OER Commons offers new ways of teaching and learning from kindergarten to higher education. Elementary students, for example, can learn about the ancient city of Petra from the American Museum of Natural History, forinstance, by navigating through an archeological tour of Petra's ruins. Alternatively, elementary and middle school students can learn about building skateboard ramps, tracks, and jumps and kinetic energy from PhET interactive simulations from the University of Colorado at Boulder. For college students, there are numerous lectures or courses from Carnegie Mellon University Open Learning Initiative to MIT OpenCourseWare and the University of Hong Kong. Numerous non-profits, such as the Saylor Foundation, and international organizations, such as UNESCO and the United Nations, have contributed as well.

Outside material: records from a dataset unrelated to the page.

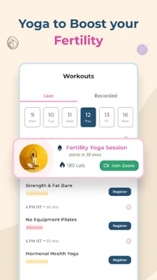 Yoga is an ancient Indian fitness practice that not only improves posture, flexibility or aids in weight management - it also improves blood circulation in the body & helps in hormonal balance. Through these benefits, yoga is extremely beneficial for fertility. Through our premium offering, try our live & interactive yoga sessions designed to boost female fertility & improve hormonal dysfunction. Also try our self-paced workout module to follow preconception fitness from anywhere, at anytime.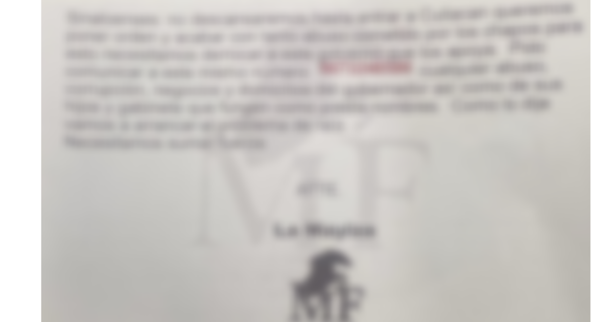 En el mensaje, supuestamente firmado por la facción de crimen organizado “Los Mayos”, se destaca que se buscará desde la misma terminar con la administración estatal actual.
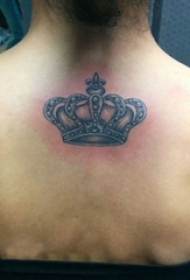女生背部黑灰素描点刺技巧创意文艺唯美皇冠刺青图案图片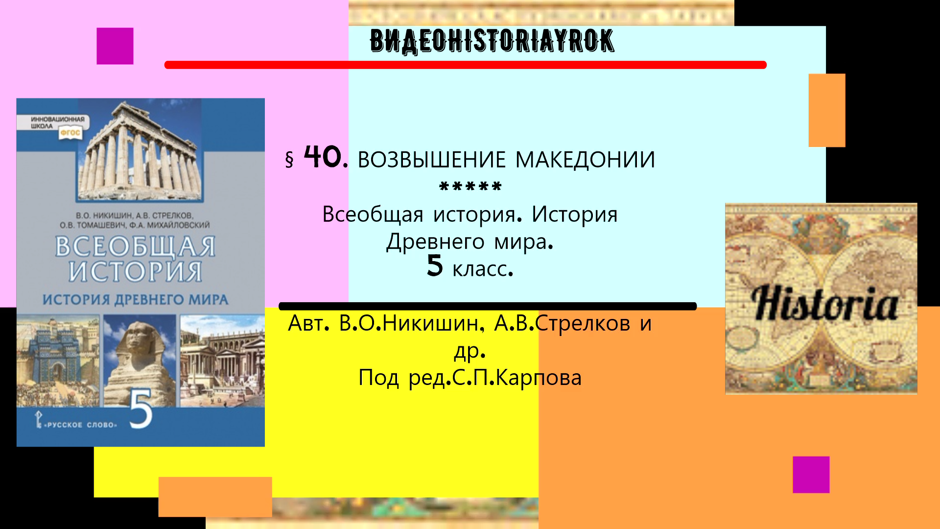 В образно-иллюстративной форме в пределах § 40. "Возвышение Македонии". Учебника Всеобщая история. История Древнего мира. Авт. В.О.Никишин,А.В.Стрелков, О.В.Томашевич, Ф.А.Михайловский. Под ред.С.П.Карпова. ( Последнее издание). "Русское слово" -Инновационная школа: рассказывается по плану: 00:23- Введение 00:51 - Пункт 1. Македония и ее усиление при царе Филиппе II. 03:20- Пункт 2. Демосфен-оратор и патриот. 04:07 - Пункт 3.Битва при Херонее и Коринфский съезд. 05:13 - Пункт 4. Гибель Филиппа II и приход к власти Александра. Видео будет отличным подспорьем на уроке или для самостоятельного изучения материала, а также закрепления уже изученного материала
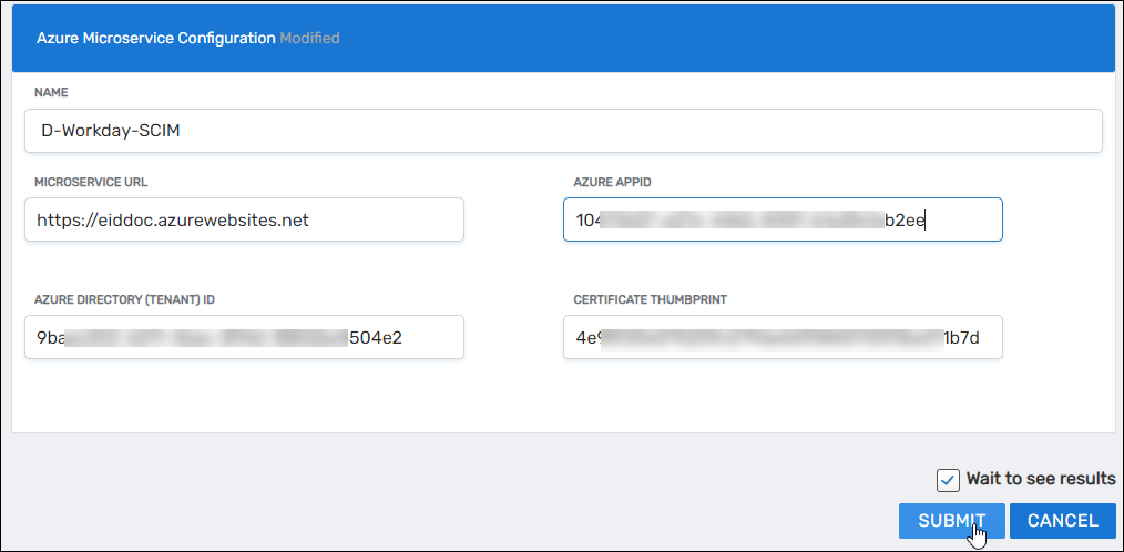 - Microservice URL – The URL to the app service hosting the Workday SCIM microservice

OER Commons offers materials that are freely available and accessible but have limitations on its use. With some of the resources, you may download and share. With others, you may be able to edit and re-post. OER often have a Creative Commons or GNU license that specify how the material may be used, adapted, and shared. Users, however, can contribute to the OER Commons by submitting resources to the collection or participating in discussions.

OER Commons is a step forward with some caveats and need for improvement. First, not every OER is included on the site. Moreover, non-profits, such as the Annenberg Foundation or Meet Me at the Corner, may have high-quality, free educational materials online but lack a Creative Commons or a GNU license and therefore will not be included on OER Commons.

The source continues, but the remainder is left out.